DATA:
----

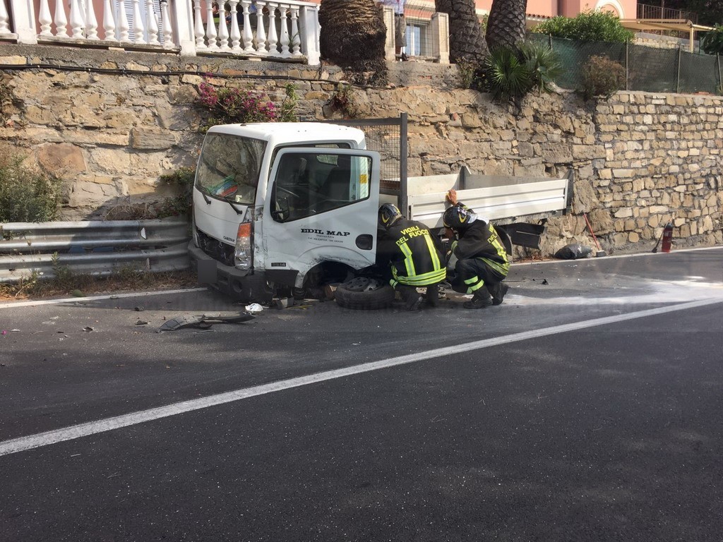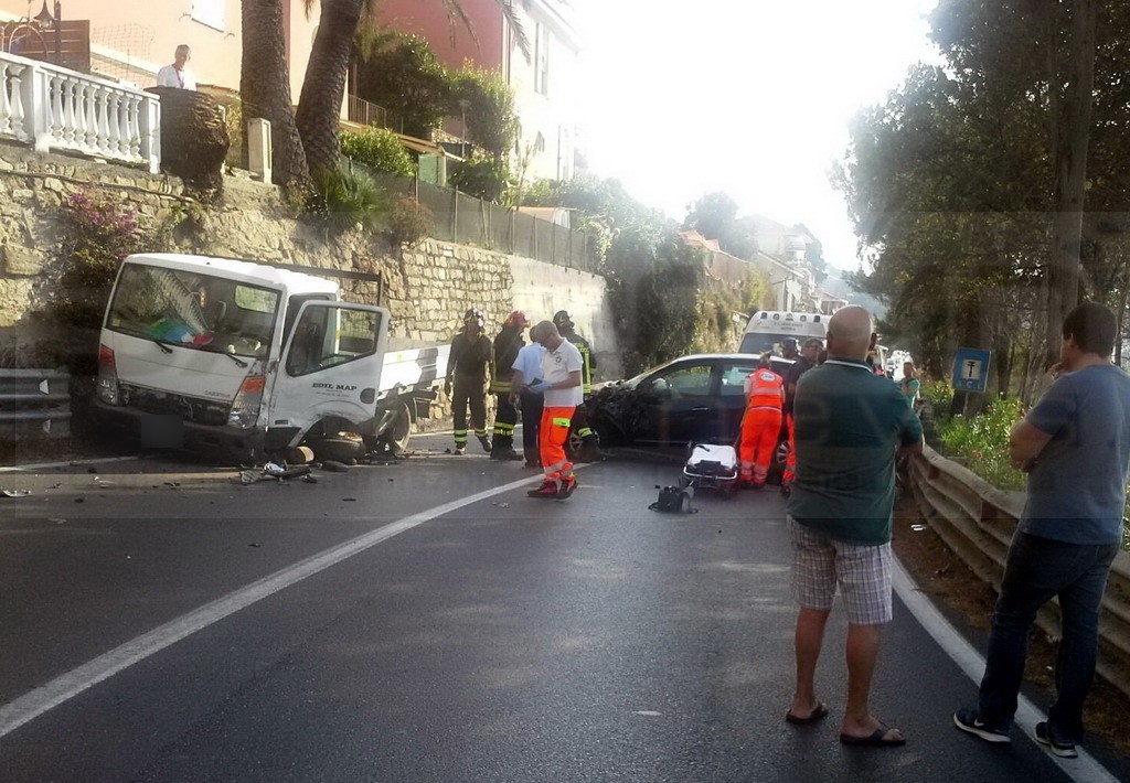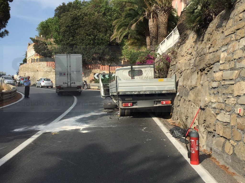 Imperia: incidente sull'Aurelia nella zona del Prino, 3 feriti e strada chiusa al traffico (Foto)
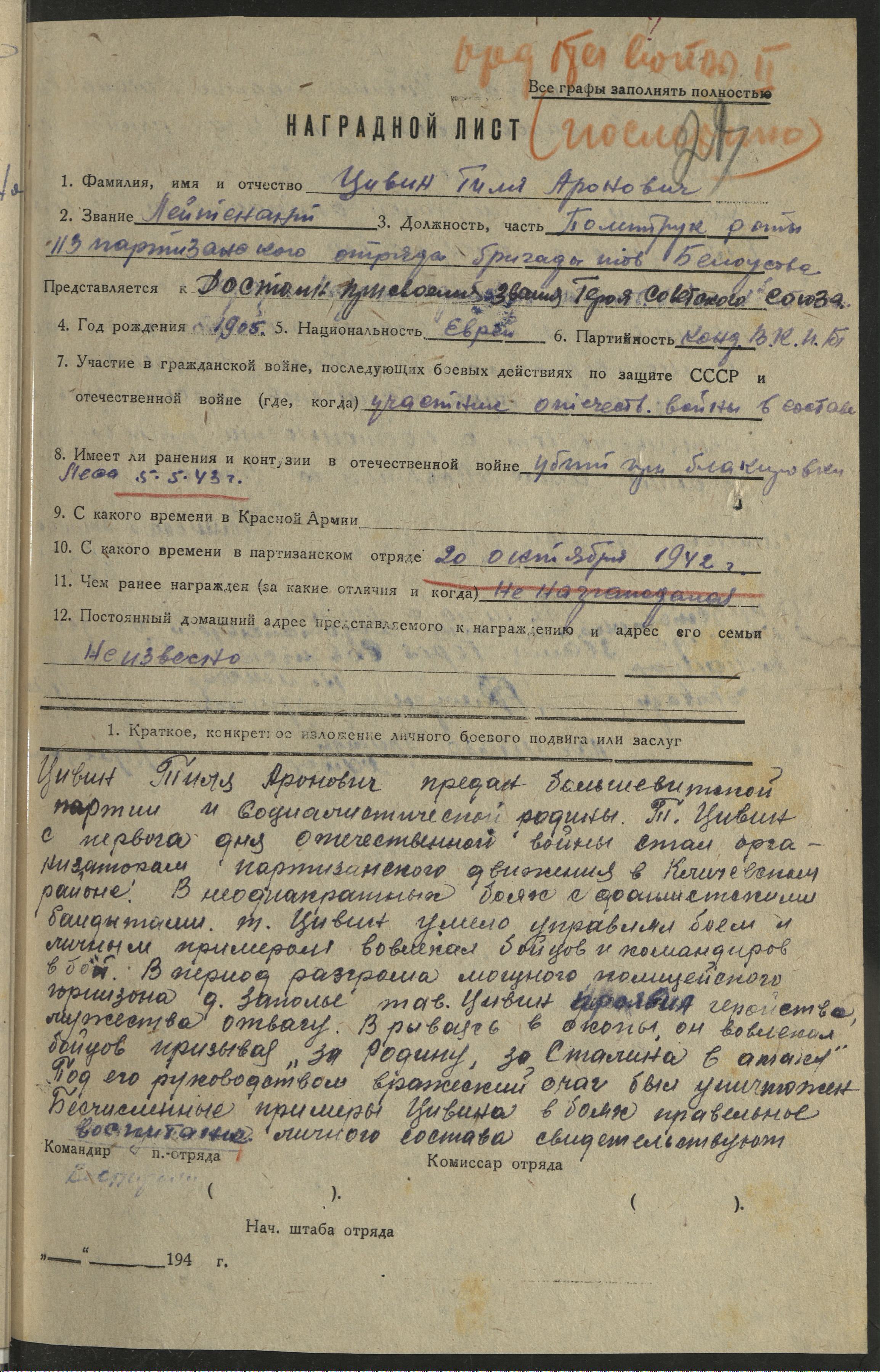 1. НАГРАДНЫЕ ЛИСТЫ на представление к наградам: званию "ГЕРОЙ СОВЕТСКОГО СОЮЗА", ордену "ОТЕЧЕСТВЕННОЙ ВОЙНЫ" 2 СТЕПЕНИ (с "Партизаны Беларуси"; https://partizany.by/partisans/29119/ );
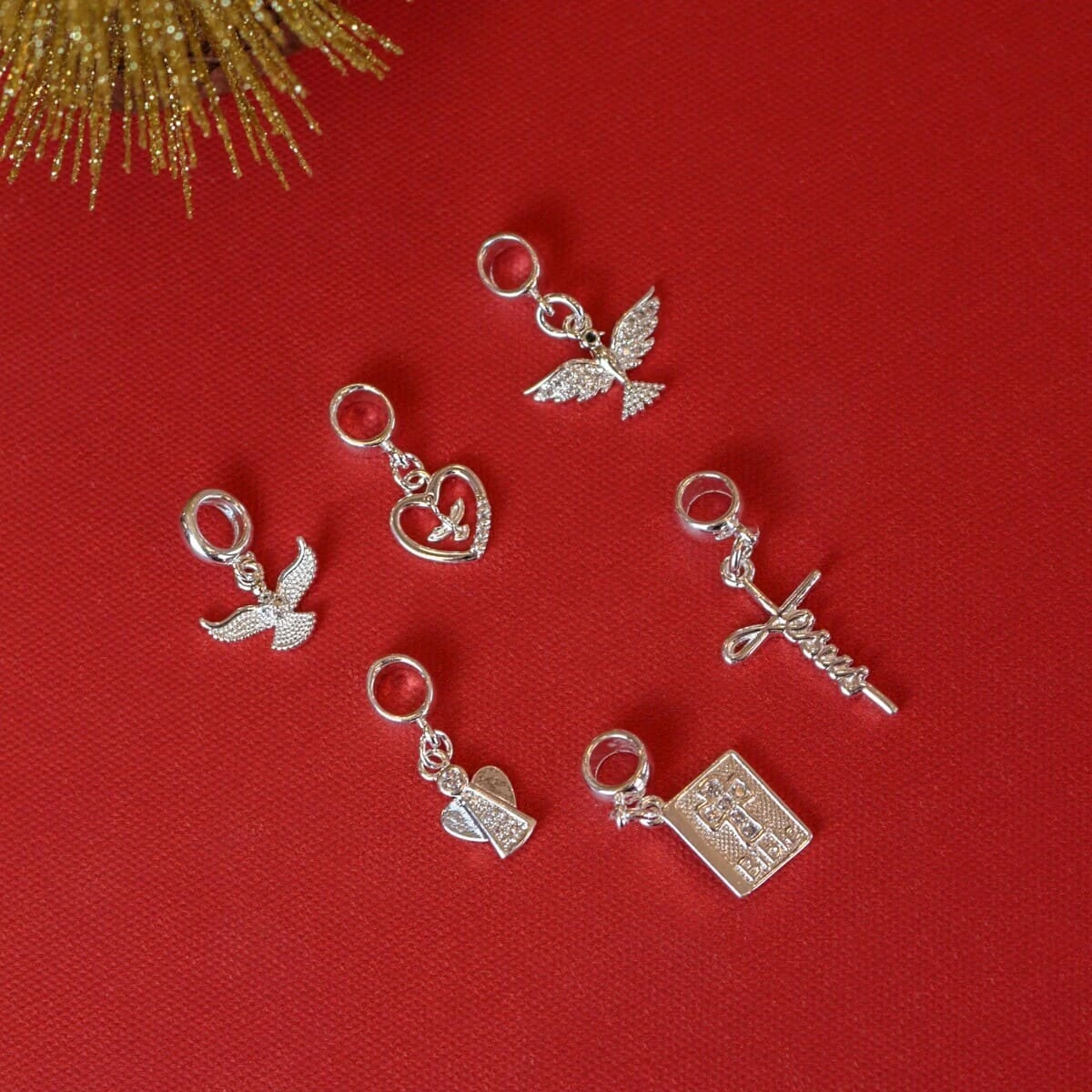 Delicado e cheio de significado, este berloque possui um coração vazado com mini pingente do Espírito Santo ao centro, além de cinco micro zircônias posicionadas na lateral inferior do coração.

----

With the pictures omitted, the material is to be transcribed exactly.

WRITTEN SOLUTION:
 Imperia: incidente sull'Aurelia nella zona del Prino, 3 feriti e strada chiusa al traffico (Foto)
 1. НАГРАДНЫЕ ЛИСТЫ на представление к наградам: званию "ГЕРОЙ СОВЕТСКОГО СОЮЗА", ордену "ОТЕЧЕСТВЕННОЙ ВОЙНЫ" 2 СТЕПЕНИ (с "Партизаны Беларуси"; https://partizany.by/partisans/29119/ );
 Delicado e cheio de significado, este berloque possui um coração vazado com mini pingente do Espírito Santo ao centro, além de cinco micro zircônias posicionadas na lateral inferior do coração.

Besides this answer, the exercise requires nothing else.